| Work instruction |
All lines from the opening of the data to the line containing "Perspective de l'aménagement" must be returned unchanged, and only those lines.

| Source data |
((

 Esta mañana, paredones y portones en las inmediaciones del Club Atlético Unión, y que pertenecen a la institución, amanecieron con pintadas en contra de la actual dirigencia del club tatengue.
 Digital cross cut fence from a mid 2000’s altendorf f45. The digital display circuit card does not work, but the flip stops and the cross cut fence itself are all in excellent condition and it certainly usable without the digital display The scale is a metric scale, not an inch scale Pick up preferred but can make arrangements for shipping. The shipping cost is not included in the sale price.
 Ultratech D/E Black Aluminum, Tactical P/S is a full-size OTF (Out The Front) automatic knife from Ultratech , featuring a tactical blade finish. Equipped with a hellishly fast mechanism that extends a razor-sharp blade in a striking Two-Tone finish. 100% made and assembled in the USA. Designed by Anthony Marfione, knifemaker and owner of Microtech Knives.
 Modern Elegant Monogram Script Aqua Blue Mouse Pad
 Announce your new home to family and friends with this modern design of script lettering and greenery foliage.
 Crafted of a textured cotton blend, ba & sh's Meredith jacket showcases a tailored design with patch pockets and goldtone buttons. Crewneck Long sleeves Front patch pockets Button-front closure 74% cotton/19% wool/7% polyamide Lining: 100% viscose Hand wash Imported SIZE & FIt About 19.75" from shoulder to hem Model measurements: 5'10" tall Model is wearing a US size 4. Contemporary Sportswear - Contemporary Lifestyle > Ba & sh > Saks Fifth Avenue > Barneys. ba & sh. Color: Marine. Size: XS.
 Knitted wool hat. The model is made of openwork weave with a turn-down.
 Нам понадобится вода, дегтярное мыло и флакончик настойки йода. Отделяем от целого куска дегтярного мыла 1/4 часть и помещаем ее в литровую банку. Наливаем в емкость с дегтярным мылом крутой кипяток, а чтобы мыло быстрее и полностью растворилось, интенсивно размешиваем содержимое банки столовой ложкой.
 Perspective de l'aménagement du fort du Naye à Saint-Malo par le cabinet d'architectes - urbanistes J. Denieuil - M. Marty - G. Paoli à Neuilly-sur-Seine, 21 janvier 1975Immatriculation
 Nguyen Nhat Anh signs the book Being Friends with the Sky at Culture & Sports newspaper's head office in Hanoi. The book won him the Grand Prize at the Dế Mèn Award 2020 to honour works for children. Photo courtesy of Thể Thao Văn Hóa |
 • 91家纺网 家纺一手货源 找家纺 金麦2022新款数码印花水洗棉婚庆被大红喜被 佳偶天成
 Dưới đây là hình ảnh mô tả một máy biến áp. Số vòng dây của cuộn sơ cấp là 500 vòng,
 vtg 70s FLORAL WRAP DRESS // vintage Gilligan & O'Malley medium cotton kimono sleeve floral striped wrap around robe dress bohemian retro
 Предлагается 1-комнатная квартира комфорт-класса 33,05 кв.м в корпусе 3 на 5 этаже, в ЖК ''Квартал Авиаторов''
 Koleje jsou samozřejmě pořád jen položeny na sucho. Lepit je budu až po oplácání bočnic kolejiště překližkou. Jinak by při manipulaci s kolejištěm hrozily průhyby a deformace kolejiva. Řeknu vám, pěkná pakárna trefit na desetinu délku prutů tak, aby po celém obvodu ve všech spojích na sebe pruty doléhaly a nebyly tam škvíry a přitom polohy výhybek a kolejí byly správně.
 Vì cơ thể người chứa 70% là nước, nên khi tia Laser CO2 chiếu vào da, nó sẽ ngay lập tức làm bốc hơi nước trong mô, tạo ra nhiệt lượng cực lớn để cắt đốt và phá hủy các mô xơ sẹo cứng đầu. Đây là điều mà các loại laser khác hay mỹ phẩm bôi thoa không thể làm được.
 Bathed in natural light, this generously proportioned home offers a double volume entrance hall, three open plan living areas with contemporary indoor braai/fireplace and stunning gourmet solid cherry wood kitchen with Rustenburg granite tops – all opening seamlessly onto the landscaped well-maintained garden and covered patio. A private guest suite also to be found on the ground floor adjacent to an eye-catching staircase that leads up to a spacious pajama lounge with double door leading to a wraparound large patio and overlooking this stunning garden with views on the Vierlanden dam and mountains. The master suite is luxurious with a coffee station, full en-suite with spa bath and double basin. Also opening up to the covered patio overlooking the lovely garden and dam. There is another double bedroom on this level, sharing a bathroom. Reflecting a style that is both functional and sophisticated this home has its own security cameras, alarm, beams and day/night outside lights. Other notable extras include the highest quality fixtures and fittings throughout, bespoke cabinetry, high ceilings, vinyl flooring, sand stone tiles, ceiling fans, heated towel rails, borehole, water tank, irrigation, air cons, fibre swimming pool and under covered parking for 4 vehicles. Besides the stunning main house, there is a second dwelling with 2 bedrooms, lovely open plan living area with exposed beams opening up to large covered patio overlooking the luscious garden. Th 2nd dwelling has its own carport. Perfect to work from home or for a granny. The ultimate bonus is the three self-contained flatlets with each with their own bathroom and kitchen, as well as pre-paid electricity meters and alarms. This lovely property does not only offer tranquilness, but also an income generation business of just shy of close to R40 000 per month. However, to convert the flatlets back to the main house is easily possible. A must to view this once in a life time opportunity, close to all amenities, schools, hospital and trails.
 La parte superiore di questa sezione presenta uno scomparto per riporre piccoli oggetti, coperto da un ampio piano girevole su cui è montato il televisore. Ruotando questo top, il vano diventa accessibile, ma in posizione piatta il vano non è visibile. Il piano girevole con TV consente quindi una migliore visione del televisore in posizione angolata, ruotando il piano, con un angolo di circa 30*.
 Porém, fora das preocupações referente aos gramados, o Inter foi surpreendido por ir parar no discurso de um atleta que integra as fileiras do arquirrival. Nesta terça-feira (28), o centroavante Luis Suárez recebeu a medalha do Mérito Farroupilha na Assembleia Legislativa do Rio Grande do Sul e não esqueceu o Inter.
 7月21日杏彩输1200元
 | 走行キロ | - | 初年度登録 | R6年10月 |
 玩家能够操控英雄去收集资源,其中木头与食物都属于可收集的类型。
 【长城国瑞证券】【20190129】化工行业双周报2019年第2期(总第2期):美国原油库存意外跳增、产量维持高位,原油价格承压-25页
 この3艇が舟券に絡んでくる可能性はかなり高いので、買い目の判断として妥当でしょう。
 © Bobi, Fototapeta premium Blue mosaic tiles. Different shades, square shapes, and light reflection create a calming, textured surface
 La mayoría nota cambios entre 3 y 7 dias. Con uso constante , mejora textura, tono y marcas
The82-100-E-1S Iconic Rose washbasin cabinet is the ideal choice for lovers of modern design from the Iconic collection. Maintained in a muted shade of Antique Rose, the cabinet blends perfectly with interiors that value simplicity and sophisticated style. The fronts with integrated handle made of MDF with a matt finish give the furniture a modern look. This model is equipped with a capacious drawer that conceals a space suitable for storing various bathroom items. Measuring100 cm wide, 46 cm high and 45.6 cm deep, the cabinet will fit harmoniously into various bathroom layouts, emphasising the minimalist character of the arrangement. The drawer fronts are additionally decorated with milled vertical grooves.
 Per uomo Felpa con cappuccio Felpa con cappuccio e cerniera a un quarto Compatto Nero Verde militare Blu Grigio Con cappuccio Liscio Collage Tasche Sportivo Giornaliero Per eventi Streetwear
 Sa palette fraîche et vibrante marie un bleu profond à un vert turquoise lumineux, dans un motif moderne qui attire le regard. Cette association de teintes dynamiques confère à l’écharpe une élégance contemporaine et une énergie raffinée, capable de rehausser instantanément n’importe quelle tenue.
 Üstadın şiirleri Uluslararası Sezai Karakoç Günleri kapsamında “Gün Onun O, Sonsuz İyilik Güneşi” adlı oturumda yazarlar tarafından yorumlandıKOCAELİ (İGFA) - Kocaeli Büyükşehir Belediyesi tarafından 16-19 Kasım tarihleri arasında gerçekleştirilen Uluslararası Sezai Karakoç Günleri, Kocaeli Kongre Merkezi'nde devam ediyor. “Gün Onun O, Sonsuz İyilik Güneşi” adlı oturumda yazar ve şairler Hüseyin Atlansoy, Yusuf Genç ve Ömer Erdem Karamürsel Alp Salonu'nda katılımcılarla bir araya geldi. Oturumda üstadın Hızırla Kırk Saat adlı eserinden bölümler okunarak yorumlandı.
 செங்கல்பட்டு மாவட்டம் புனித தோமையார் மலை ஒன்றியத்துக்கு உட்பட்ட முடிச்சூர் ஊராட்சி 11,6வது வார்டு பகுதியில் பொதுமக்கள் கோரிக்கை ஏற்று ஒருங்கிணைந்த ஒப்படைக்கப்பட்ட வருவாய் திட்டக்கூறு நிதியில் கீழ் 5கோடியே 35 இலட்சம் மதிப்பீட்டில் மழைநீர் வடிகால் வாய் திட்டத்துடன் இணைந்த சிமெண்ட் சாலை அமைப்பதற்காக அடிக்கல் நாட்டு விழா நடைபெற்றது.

))

| Answer area |
 Esta mañana, paredones y portones en las inmediaciones del Club Atlético Unión, y que pertenecen a la institución, amanecieron con pintadas en contra de la actual dirigencia del club tatengue.
 Digital cross cut fence from a mid 2000’s altendorf f45. The digital display circuit card does not work, but the flip stops and the cross cut fence itself are all in excellent condition and it certainly usable without the digital display The scale is a metric scale, not an inch scale Pick up preferred but can make arrangements for shipping. The shipping cost is not included in the sale price.
 Ultratech D/E Black Aluminum, Tactical P/S is a full-size OTF (Out The Front) automatic knife from Ultratech , featuring a tactical blade finish. Equipped with a hellishly fast mechanism that extends a razor-sharp blade in a striking Two-Tone finish. 100% made and assembled in the USA. Designed by Anthony Marfione, knifemaker and owner of Microtech Knives.
 Modern Elegant Monogram Script Aqua Blue Mouse Pad
 Announce your new home to family and friends with this modern design of script lettering and greenery foliage.
 Crafted of a textured cotton blend, ba & sh's Meredith jacket showcases a tailored design with patch pockets and goldtone buttons. Crewneck Long sleeves Front patch pockets Button-front closure 74% cotton/19% wool/7% polyamide Lining: 100% viscose Hand wash Imported SIZE & FIt About 19.75" from shoulder to hem Model measurements: 5'10" tall Model is wearing a US size 4. Contemporary Sportswear - Contemporary Lifestyle > Ba & sh > Saks Fifth Avenue > Barneys. ba & sh. Color: Marine. Size: XS.
 Knitted wool hat. The model is made of openwork weave with a turn-down.
 Нам понадобится вода, дегтярное мыло и флакончик настойки йода. Отделяем от целого куска дегтярного мыла 1/4 часть и помещаем ее в литровую банку. Наливаем в емкость с дегтярным мылом крутой кипяток, а чтобы мыло быстрее и полностью растворилось, интенсивно размешиваем содержимое банки столовой ложкой.
 Perspective de l'aménagement du fort du Naye à Saint-Malo par le cabinet d'architectes - urbanistes J. Denieuil - M. Marty - G. Paoli à Neuilly-sur-Seine, 21 janvier 1975Immatriculation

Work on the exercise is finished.